RECORDED INFORMATION
◇ ◇ ◇ ◇
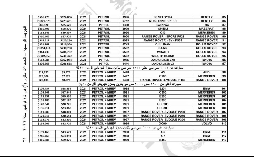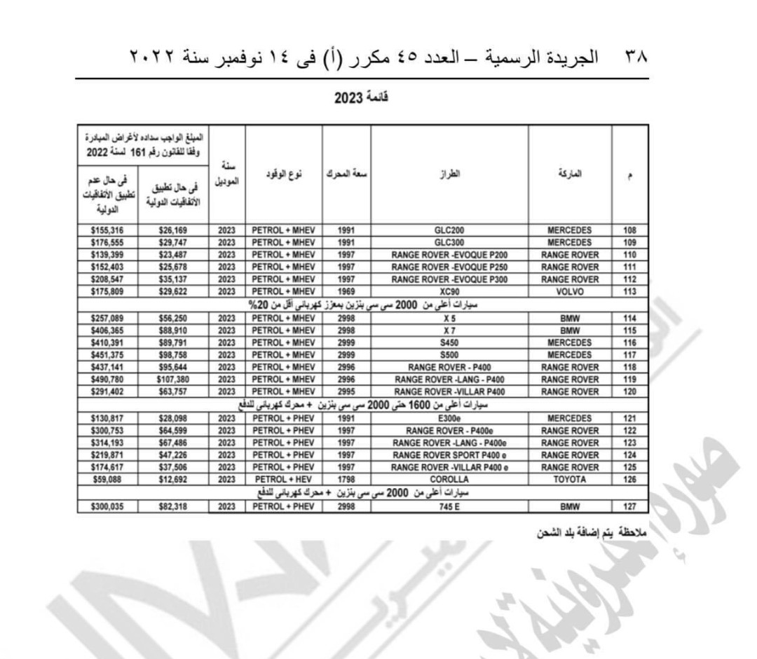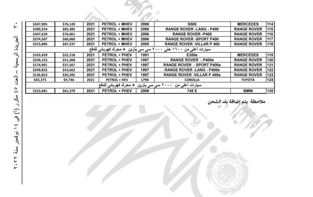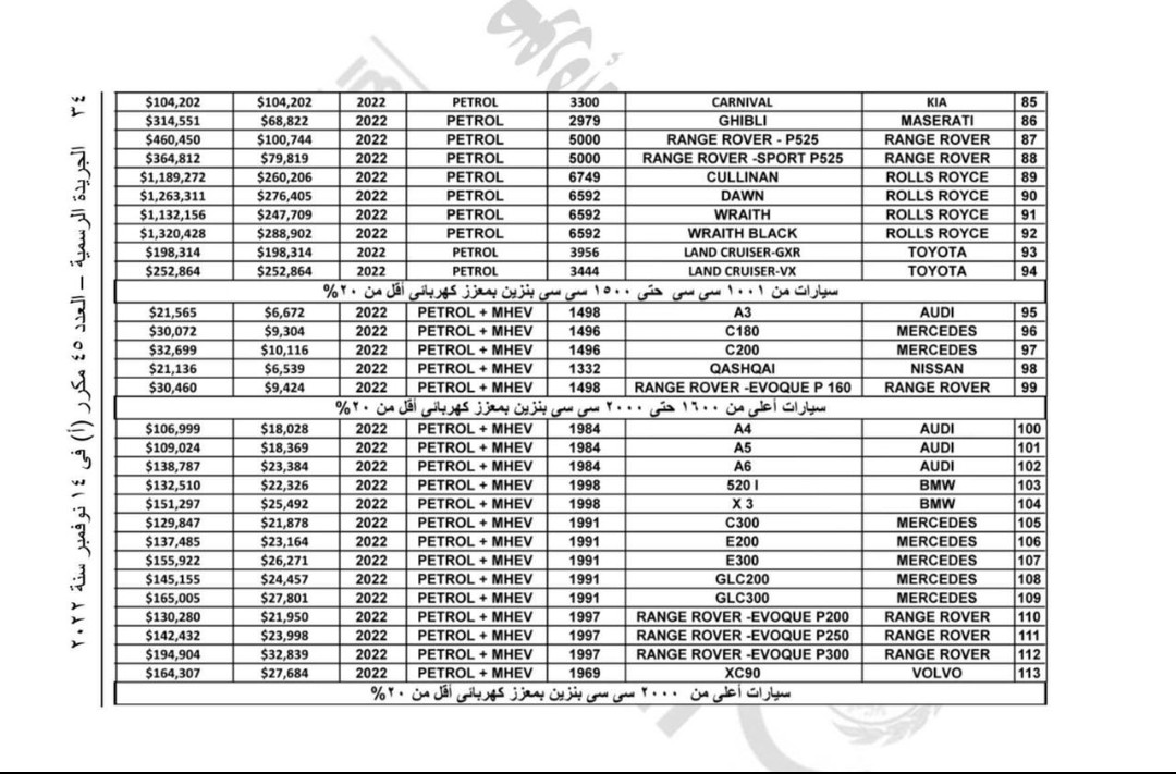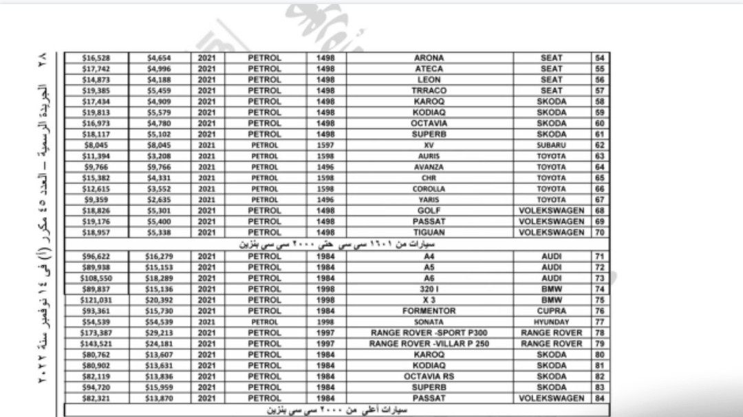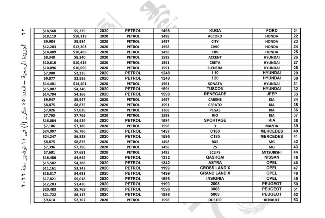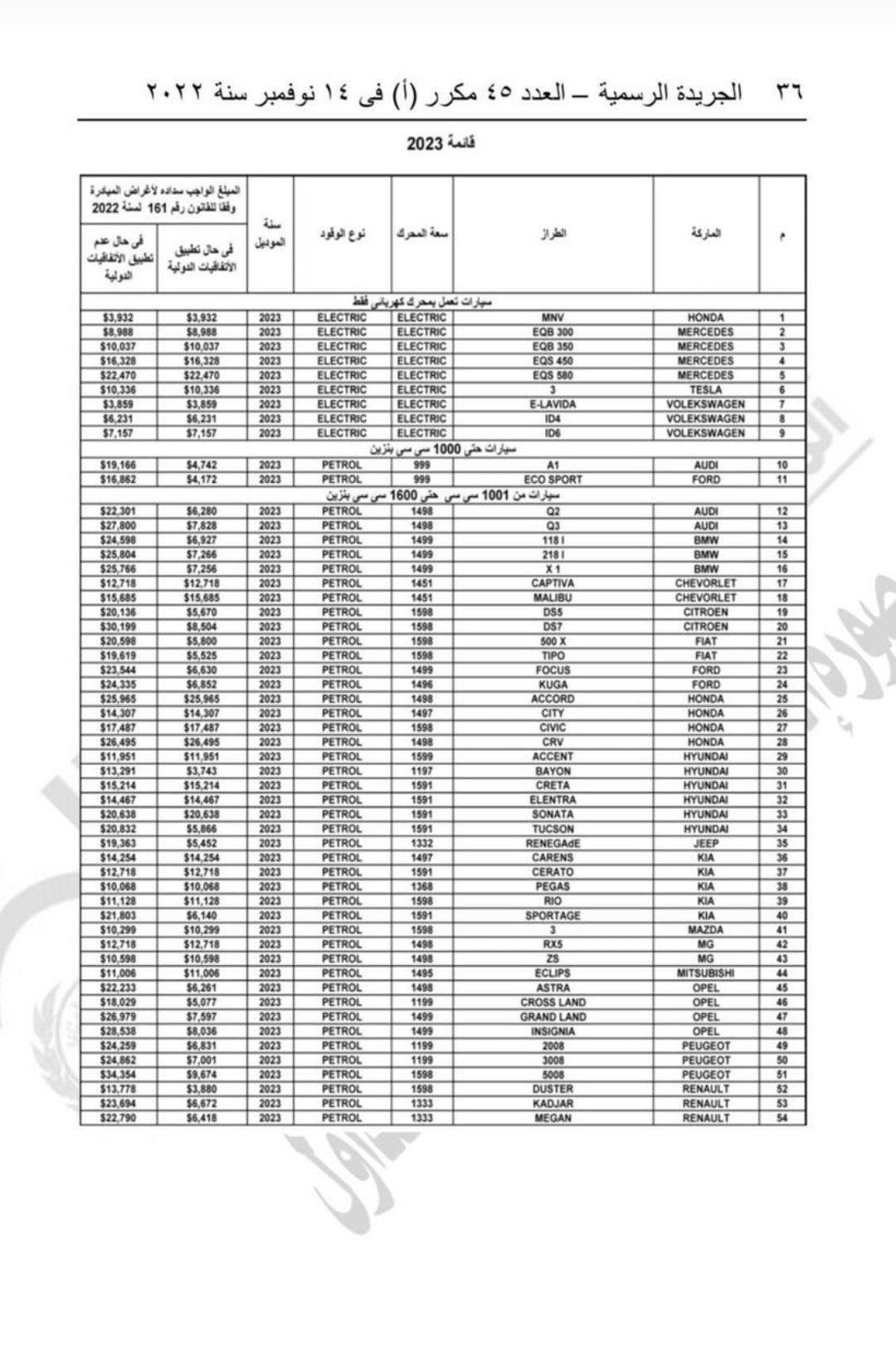 ينشر "مصر تايمز" جداول المبالغ المالية المستحقة لاستيراد سيارات المصريين في الخارج بدون جمارك في صورة وديعة تُسترد بعد 5 سنوات.
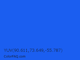 YUV 90.611,73.649,-55.787 Color is a normal blue color and the nearest color is Blue Crayola #1f75fe. Hex code #1b5ef0 and RGB value is rgb(27,94,240). In RGB color space, this color is composed of 11% red, 37% green, 94% blue, In CMYK color space, this color is composed of 89% cyan, 61% magenta, 0% yellow , 6% black , In HSL color space, this color has a hue angle of 221° , 88% saturation and 52% lightness.
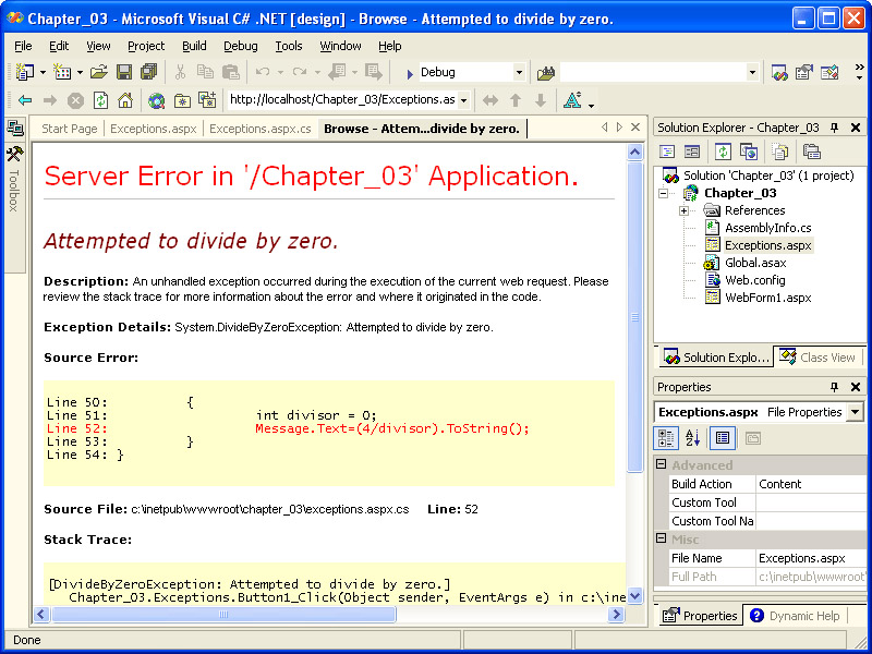 Browse the page by right-clicking it in Solution Explorer, and then selecting View In Browser (or Browse With). When you see the screen with the Divide By Zero button, click the button. You will see a screen similar to the following illustration, in which the Output window is closed to allow you to see more of the error page.
◇ ◇ ◇ ◇
WHAT IS REQUIRED
Please print, exactly as given, the lines running from the beginning of the listing through the line containing "YUV 90.611,73.649,-55.787 Color", omitting each picture.

ANSWER SECTION
 ينشر "مصر تايمز" جداول المبالغ المالية المستحقة لاستيراد سيارات المصريين في الخارج بدون جمارك في صورة وديعة تُسترد بعد 5 سنوات.
 YUV 90.611,73.649,-55.787 Color is a normal blue color and the nearest color is Blue Crayola #1f75fe. Hex code #1b5ef0 and RGB value is rgb(27,94,240). In RGB color space, this color is composed of 11% red, 37% green, 94% blue, In CMYK color space, this color is composed of 89% cyan, 61% magenta, 0% yellow , 6% black , In HSL color space, this color has a hue angle of 221° , 88% saturation and 52% lightness.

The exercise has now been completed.